▶ Data for the task
┄┄┄┄┄┄┄┄┄┄
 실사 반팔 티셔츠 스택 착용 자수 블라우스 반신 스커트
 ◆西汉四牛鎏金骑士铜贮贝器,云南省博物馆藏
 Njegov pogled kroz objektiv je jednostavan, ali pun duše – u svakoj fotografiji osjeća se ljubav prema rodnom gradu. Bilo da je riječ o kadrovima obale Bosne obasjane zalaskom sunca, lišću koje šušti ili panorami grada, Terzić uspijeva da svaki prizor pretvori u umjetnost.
┄┄┄┄┄┄┄┄┄┄
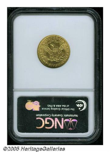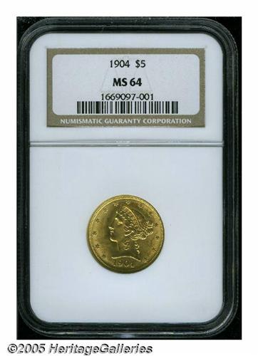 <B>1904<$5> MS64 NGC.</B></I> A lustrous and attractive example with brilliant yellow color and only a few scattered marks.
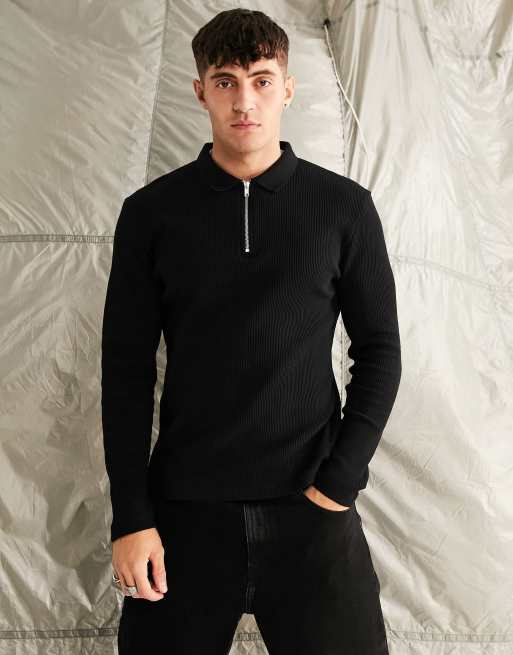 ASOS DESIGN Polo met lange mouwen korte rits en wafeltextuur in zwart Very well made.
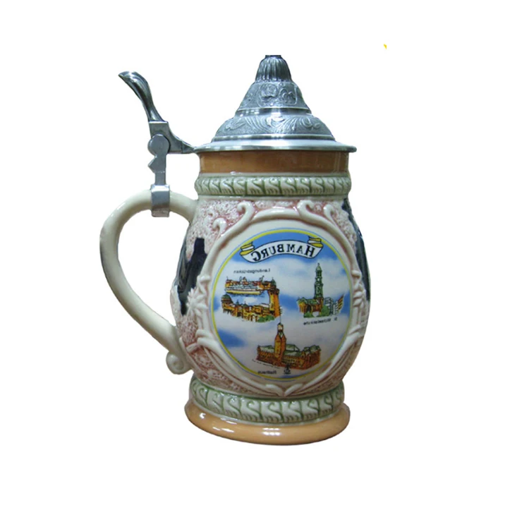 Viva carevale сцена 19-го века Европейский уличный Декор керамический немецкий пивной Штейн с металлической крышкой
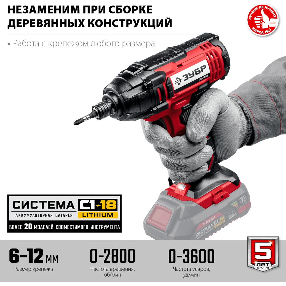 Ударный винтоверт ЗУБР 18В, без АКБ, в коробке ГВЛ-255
┄┄┄┄┄┄┄┄┄┄
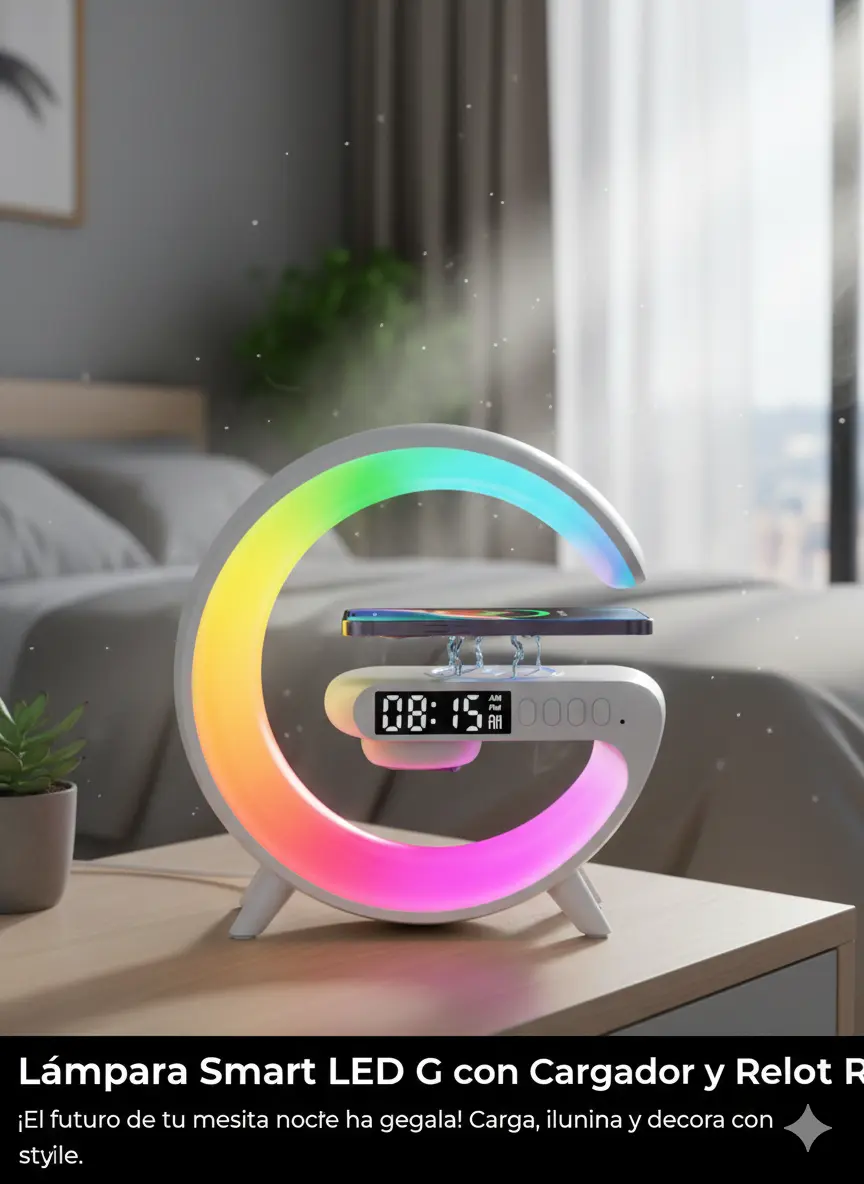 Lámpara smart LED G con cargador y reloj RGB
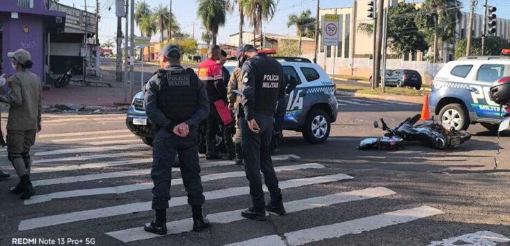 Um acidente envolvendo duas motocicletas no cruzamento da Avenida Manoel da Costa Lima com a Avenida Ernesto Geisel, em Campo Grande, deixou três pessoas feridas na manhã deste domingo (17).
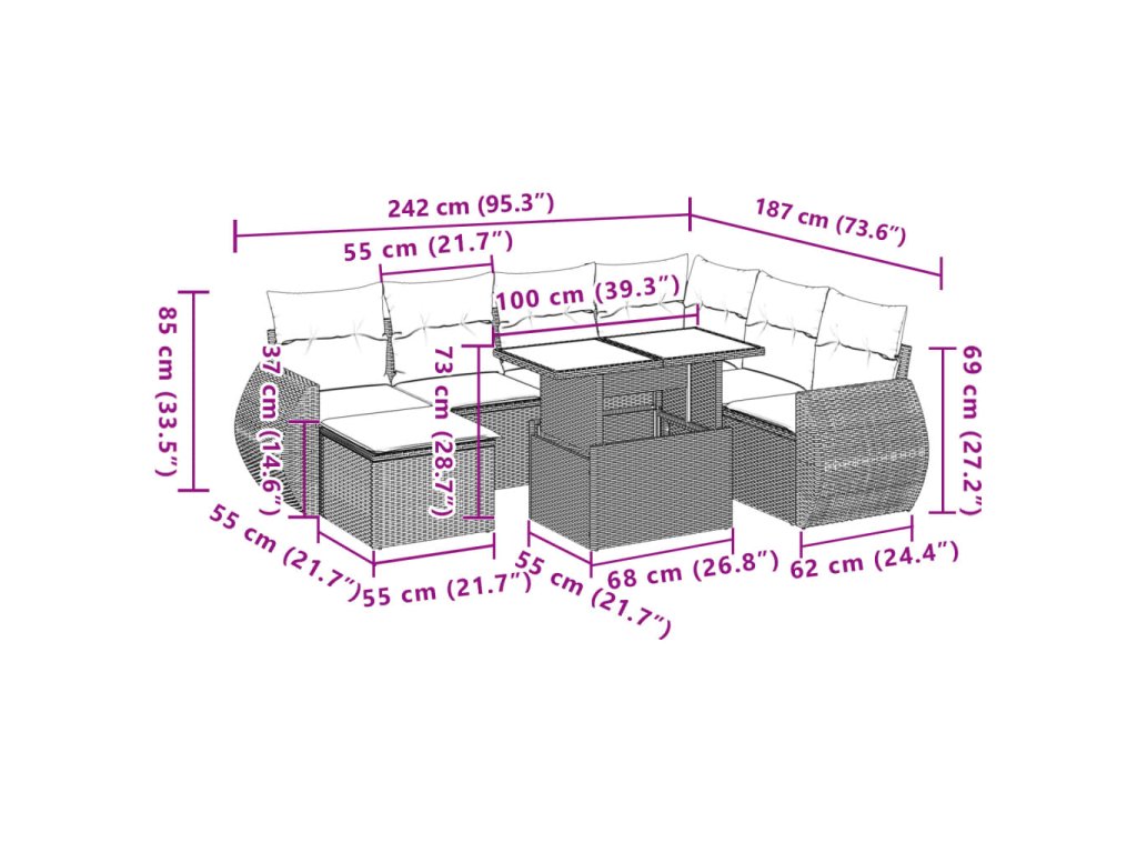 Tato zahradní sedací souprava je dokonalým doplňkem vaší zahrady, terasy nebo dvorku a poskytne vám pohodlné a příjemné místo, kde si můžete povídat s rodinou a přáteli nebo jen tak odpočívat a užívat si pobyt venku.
┄┄┄┄┄┄┄┄┄┄
▶ Try it
Reproduce the listing above exactly from the line containing "Viva carevale сцена" up to and including the line containing "Ударный винтоверт ЗУБР", omitting any images and everything outside those lines.

▶ Response
 Viva carevale сцена 19-го века Европейский уличный Декор керамический немецкий пивной Штейн с металлической крышкой
 Ударный винтоверт ЗУБР 18В, без АКБ, в коробке ГВЛ-255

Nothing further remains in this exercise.